I think it will be more linear than China. I don't think--it would surprise me if this was 50 theater deal in Latin America. Most of Latin America is Brazil, as you know. But I don't think the structure of the market is that way, or the structure of the film industry is that way. On the very positive side, our theaters that we opened, including the newest one in Brazil, in Sao Paulo, are incredibly successful. And the one in So Paulo, the multiplex, is the number one multiplex in all of Brazil. And I think our theater has been tracking to be the number one theater in all of Brazil. Certainly, we have the characteristics of a reference theater, similar to what we had in China.

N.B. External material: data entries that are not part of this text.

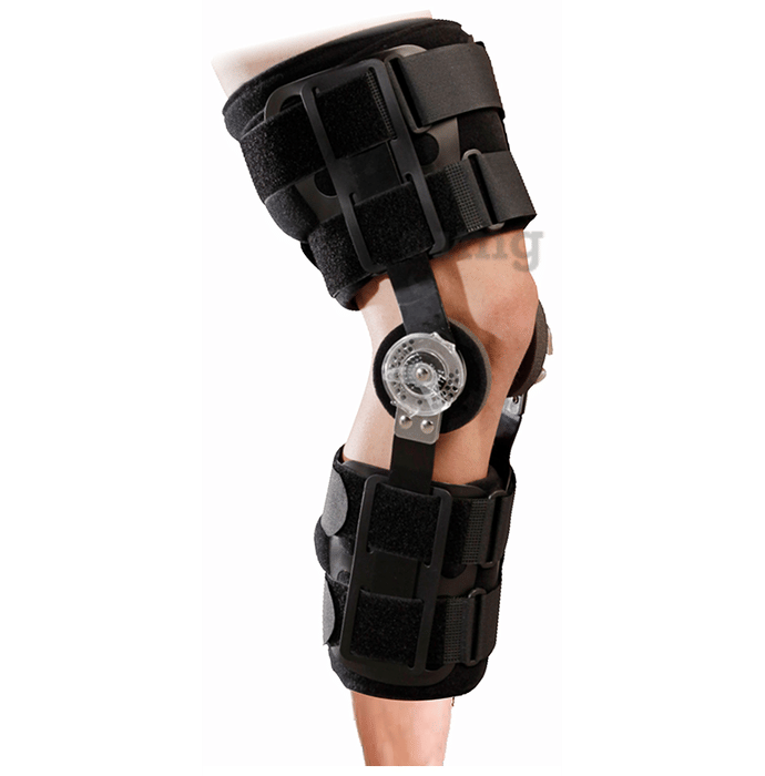 - It helps prevent hyperextension and limits ROM by adjustable dial lock hinges
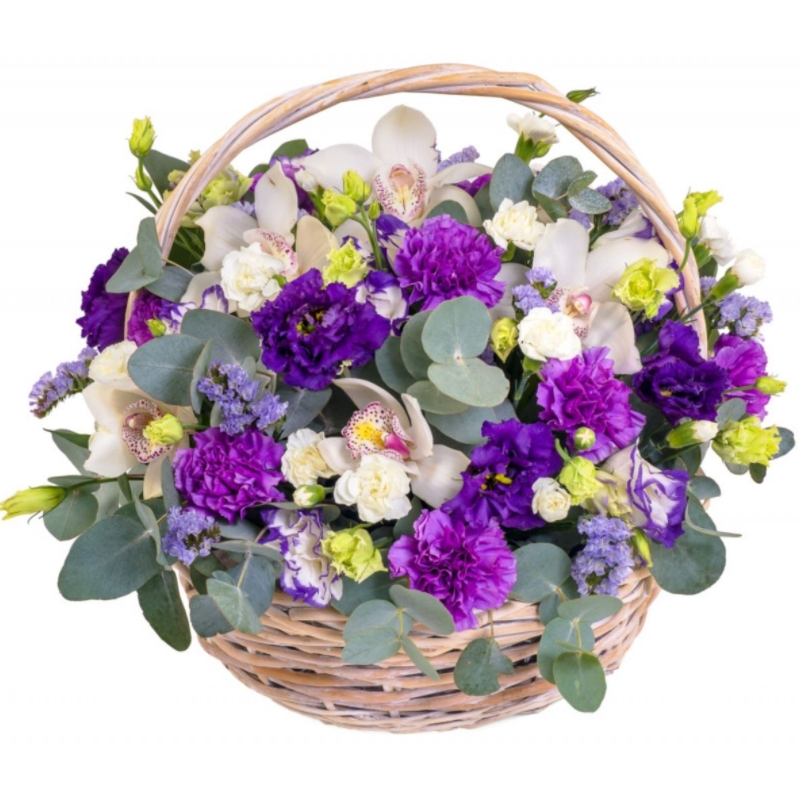 Букет состоит из 15 гвоздик, 6 веток эустомы, 5 орхидей, 3 ветки статицы, корзина, оазис.
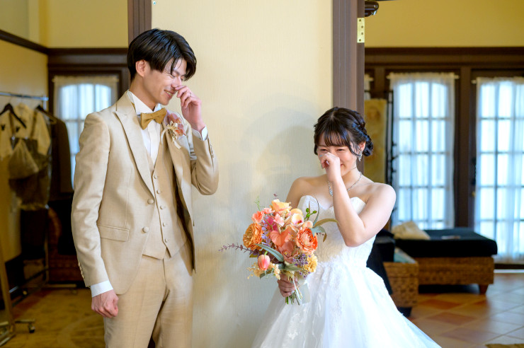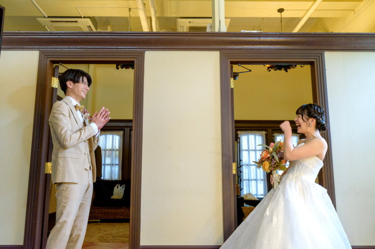 笑いもあり、照れを隠し切れない姿が、とても微笑ましいお二人です。
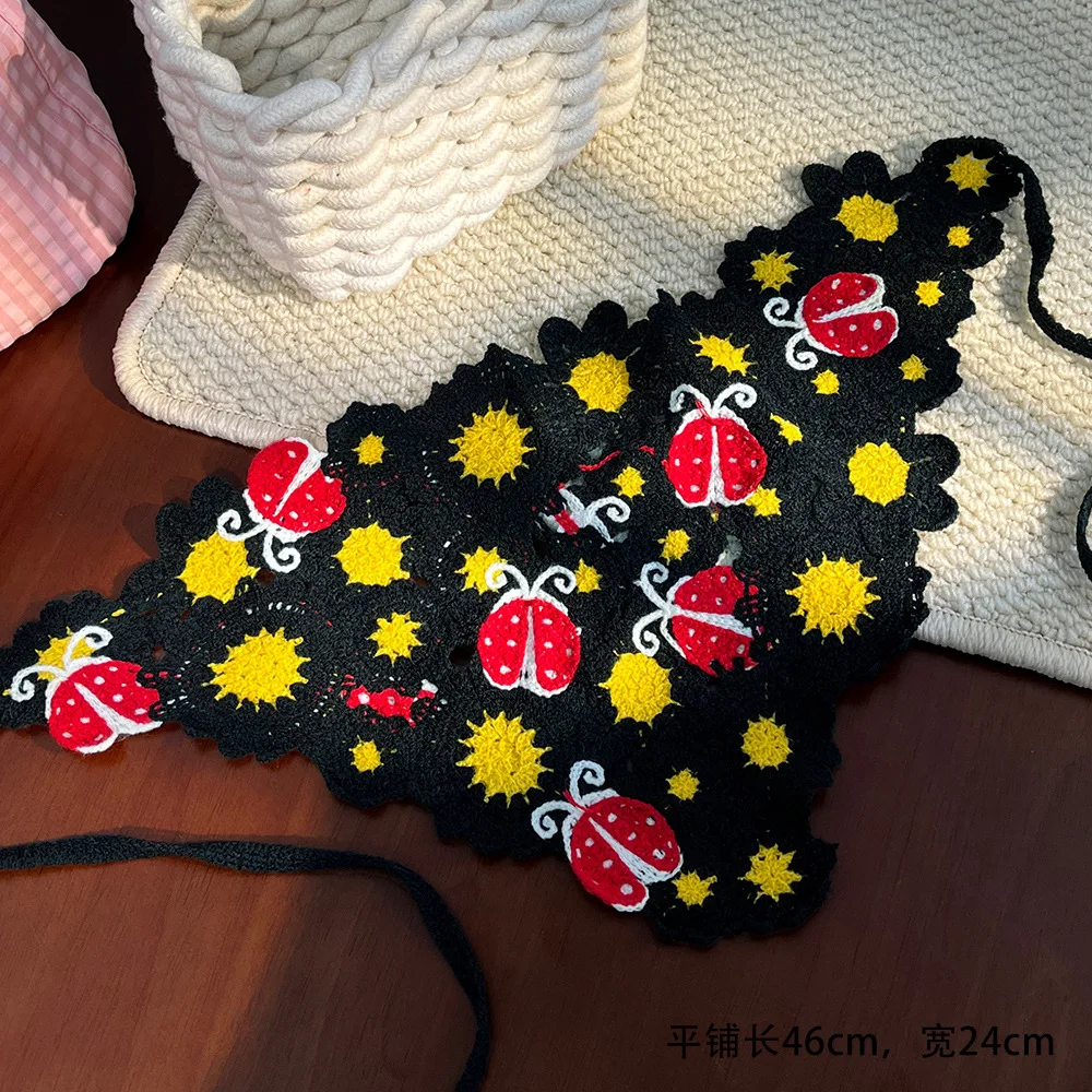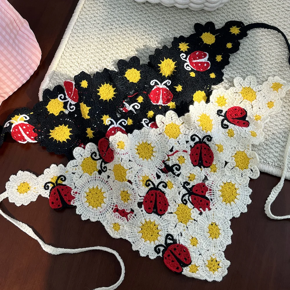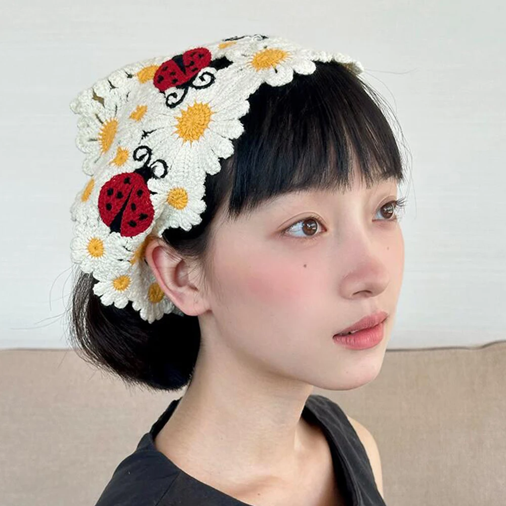 한국어 달콤한 귀여운 수제 크로 셰 뜨개질 중공 삼각형 머리띠 수건 여성 봄과 여름 니트 꽃 여행 사진 헤어 스카프
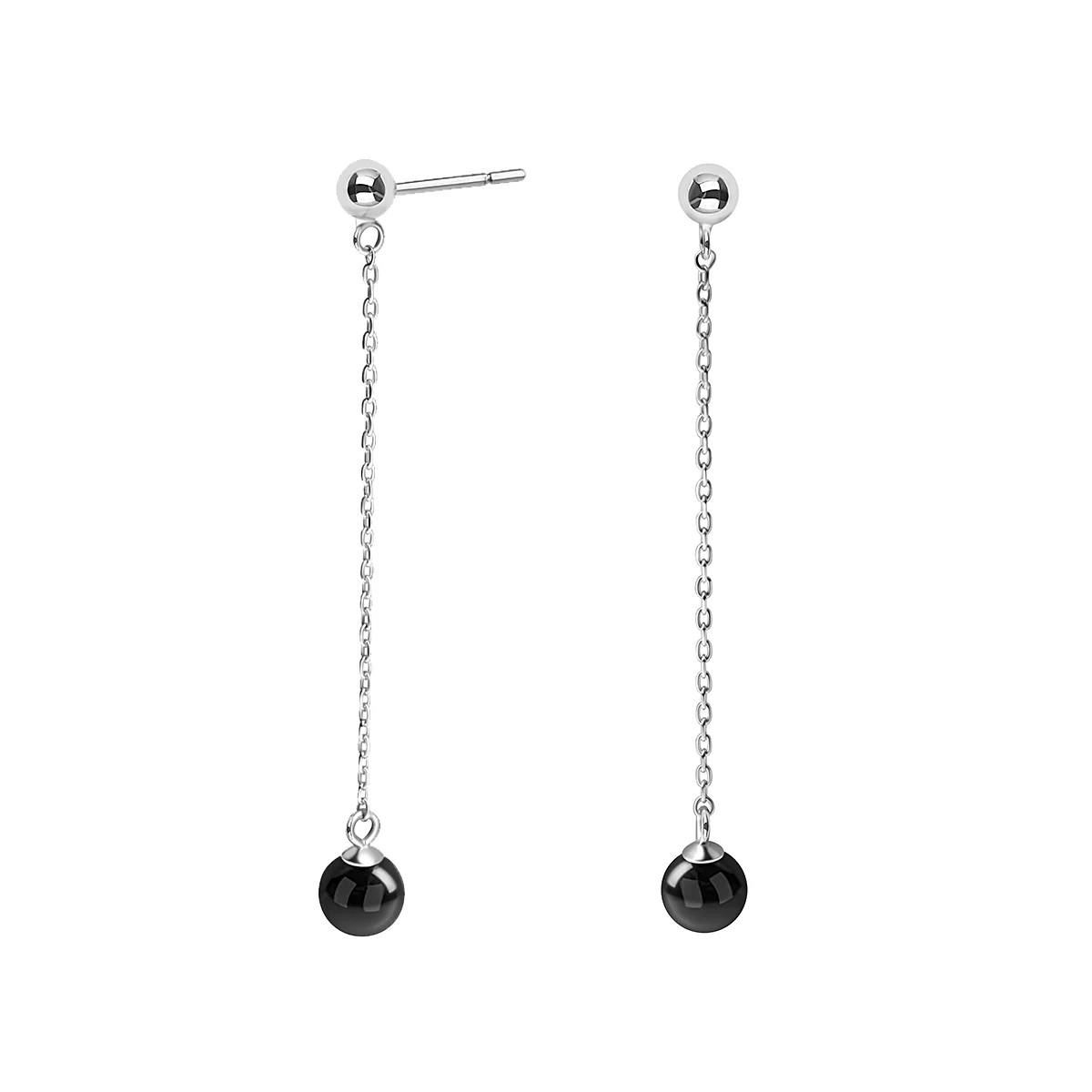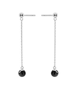 Srebrne stylowe wiszące kolczyki z czarnym agatem – KDK6600L
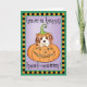 Mande saudações de Halloween com este cartão de um cachorrinho bonitinho de Cav num sorridente Jack-o-Lanterna. Excelente para crianças de todas as idades que amam Cavalier King Charles Spaniels e Halloween. Tenha uma boa HOWL-oggy!

However, you know, one important fact, and this is actually going to add to the ambiguity, because you could take it both ways. In China, we have 400 zones. In Latin America we have 75 zones. That would really pour cold water on it. But I would like to remind you when we started our efforts in China there were 90 zones. It went so well that eventually we grew to the 400 zones. For the short term, I think it's going to be more linear, but over time let's see where it goes.
Joe Sparacio - CFO
In terms of the JV margins, Martin, if you assume a level of box office of $1.2 million, you're going to land at about an 80% margin. If you look at our numbers this morning when we released them, you'll see if you add back the launch expenses that we incurred in the quarter, you're going to land pretty close to that level. So you know, I think, as you move forward, and if you're modeling at about $1.2 million, that's where you should land, an then you overlay any launch expenses on top of that. Given the critical mass of the network on the JV side even, launch expenses over time will become less of a draw down on our margins as the network gets wider.
Rich Gelfond - CEO
Thank you all for being on the call. I think in my closing remarks, I would just like to note that since 2008 our commercial network has grown by about four times. And you know, with that came some necessary SG&A growth, including the $8 million we spent in China to build a whole company in China to service that market. We, as a management team, recently had our management meeting, and I think we're highly focused, at the moment, in terms of how to get more out of the same resources, and how to really prove the scalability of the business. I think when you're growing four times in that period of time, you kind of throw dollars, and you throw bodies just to make sure you're making sure you're doing a very good job in servicing your customers, and particularly the end customer.
I think we've now been able to step back a little bit and take a breath, and look at this issue of scalability. What makes me particularly encouraged about the first three quarters of this year, but really this quarter where it manifests itself, is the scalability has really turned into profits and free cash flow. And that's the direction we're following going forward. With that, thank you all for your support.
Operator
Ladies and gentlemen, this does conclude the conference call for today. You may now disconnect your line and have a great day.